**THE PROBLEM**
In the listing below, find the line containing "28歲的趙心童因觸碰賭球大忌" and the line containing "15 сентябрь 2022", then copy exactly everything from the first through the second, except the pictures.

**THE INPUT**
● ● ●

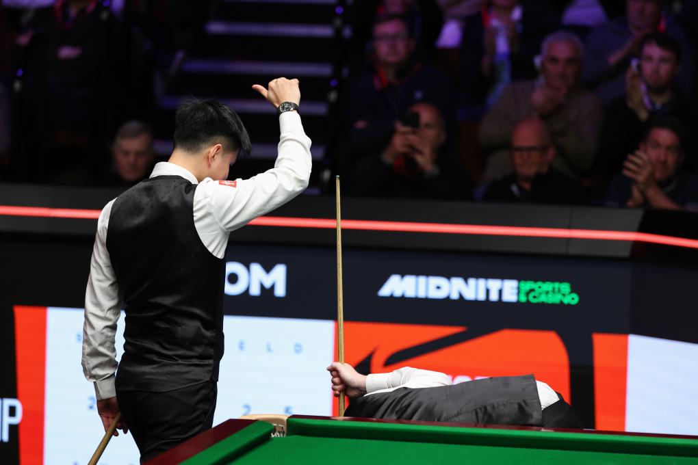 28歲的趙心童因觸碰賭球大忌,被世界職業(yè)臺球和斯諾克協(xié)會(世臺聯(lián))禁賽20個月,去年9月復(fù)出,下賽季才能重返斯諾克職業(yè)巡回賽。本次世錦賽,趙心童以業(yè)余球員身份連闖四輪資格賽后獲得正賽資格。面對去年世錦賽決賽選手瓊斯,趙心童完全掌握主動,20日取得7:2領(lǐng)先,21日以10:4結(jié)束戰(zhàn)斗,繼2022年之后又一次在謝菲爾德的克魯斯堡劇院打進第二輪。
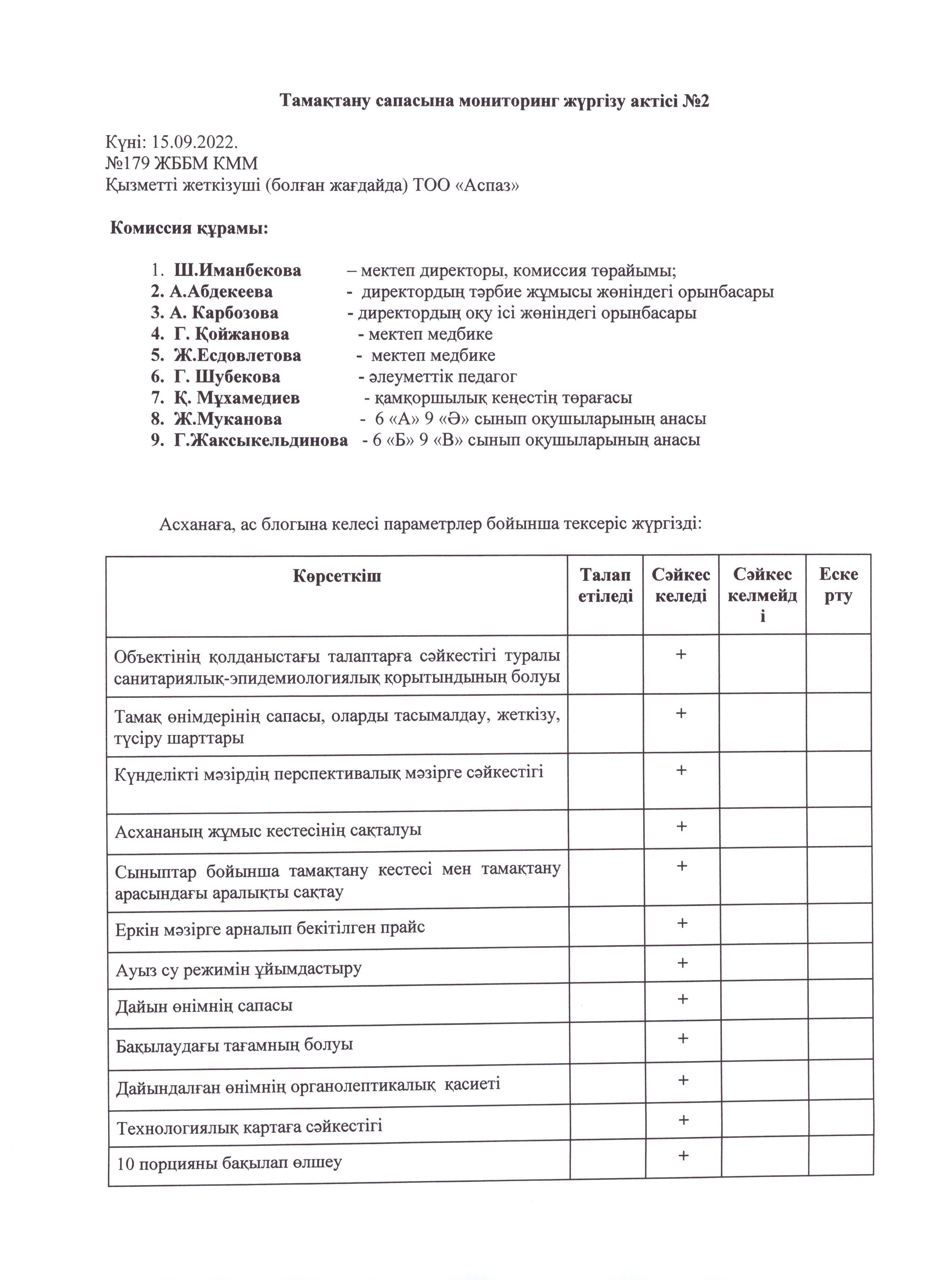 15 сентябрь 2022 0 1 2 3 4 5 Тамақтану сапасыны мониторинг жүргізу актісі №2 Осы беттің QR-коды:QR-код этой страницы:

● ● ●

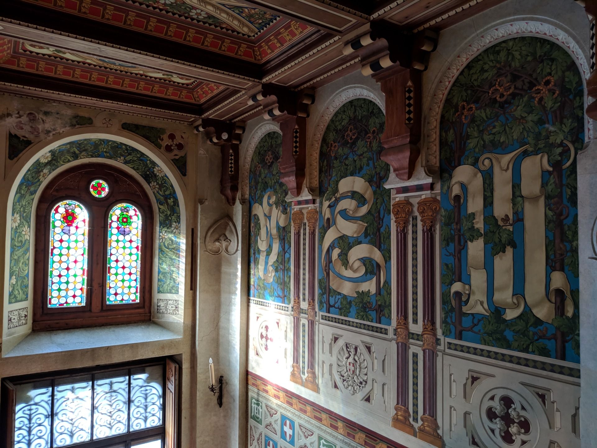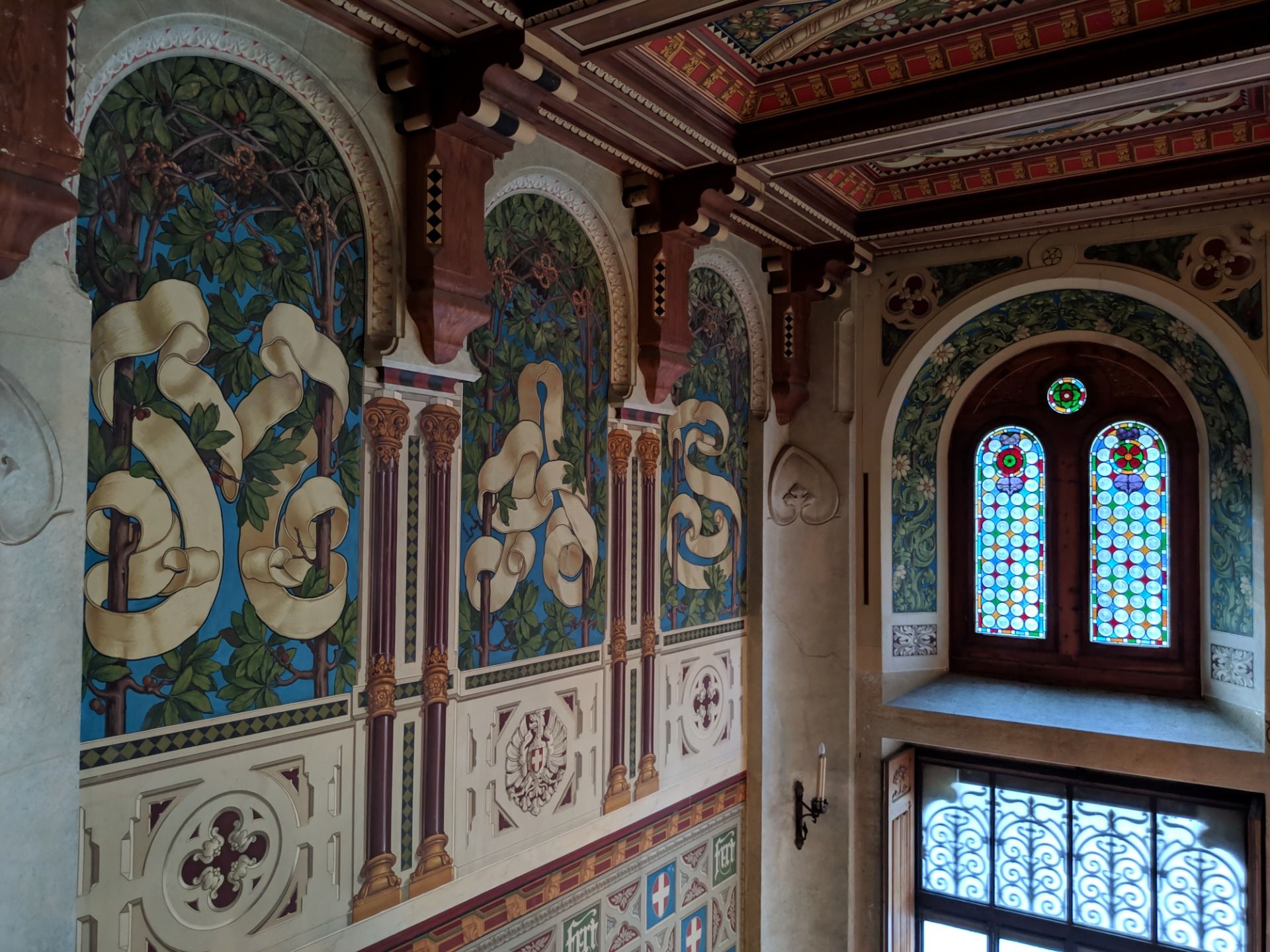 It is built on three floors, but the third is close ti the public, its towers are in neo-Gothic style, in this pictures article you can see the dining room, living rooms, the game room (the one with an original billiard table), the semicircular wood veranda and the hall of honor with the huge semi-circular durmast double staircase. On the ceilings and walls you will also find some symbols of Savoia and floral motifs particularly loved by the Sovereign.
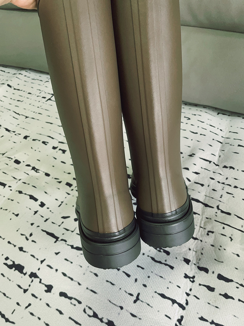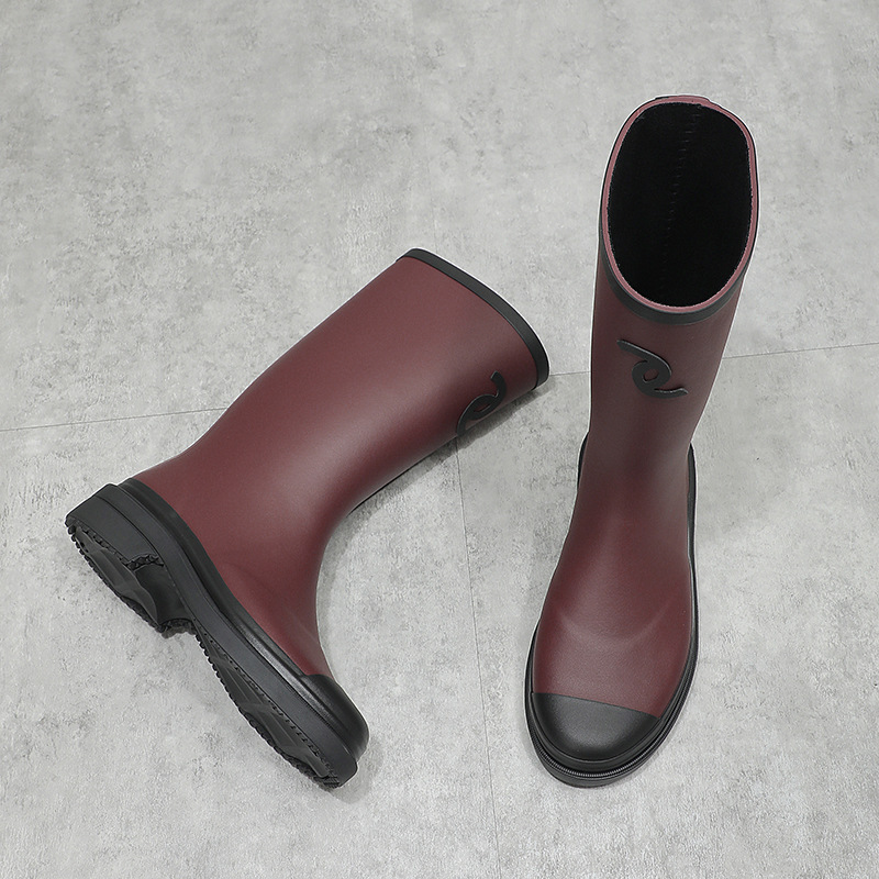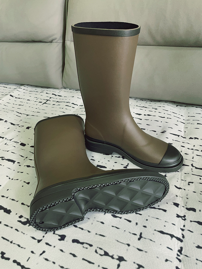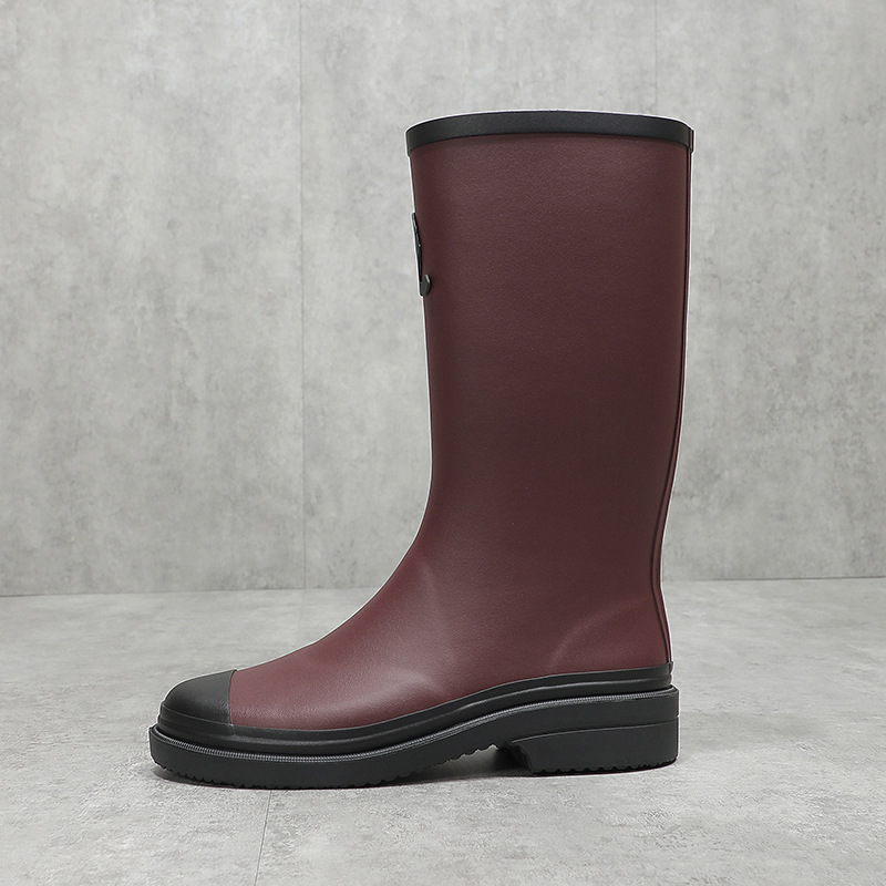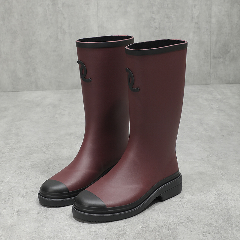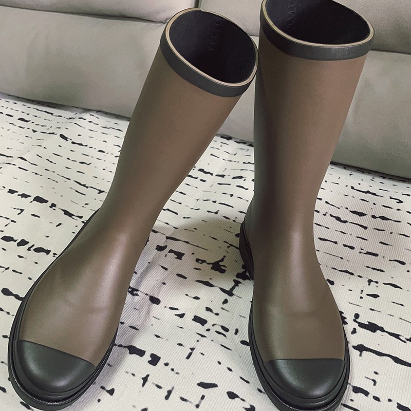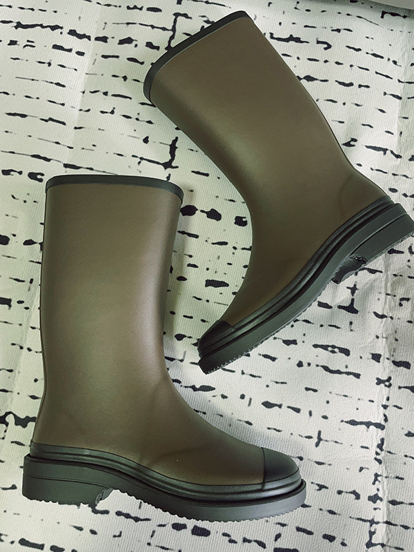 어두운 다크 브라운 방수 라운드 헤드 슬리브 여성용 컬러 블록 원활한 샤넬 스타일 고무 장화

● ● ●

**TASK ANSWER**
 28歲的趙心童因觸碰賭球大忌,被世界職業(yè)臺球和斯諾克協(xié)會(世臺聯(lián))禁賽20個月,去年9月復(fù)出,下賽季才能重返斯諾克職業(yè)巡回賽。本次世錦賽,趙心童以業(yè)余球員身份連闖四輪資格賽后獲得正賽資格。面對去年世錦賽決賽選手瓊斯,趙心童完全掌握主動,20日取得7:2領(lǐng)先,21日以10:4結(jié)束戰(zhàn)斗,繼2022年之后又一次在謝菲爾德的克魯斯堡劇院打進第二輪。
 15 сентябрь 2022 0 1 2 3 4 5 Тамақтану сапасыны мониторинг жүргізу актісі №2 Осы беттің QR-коды:QR-код этой страницы:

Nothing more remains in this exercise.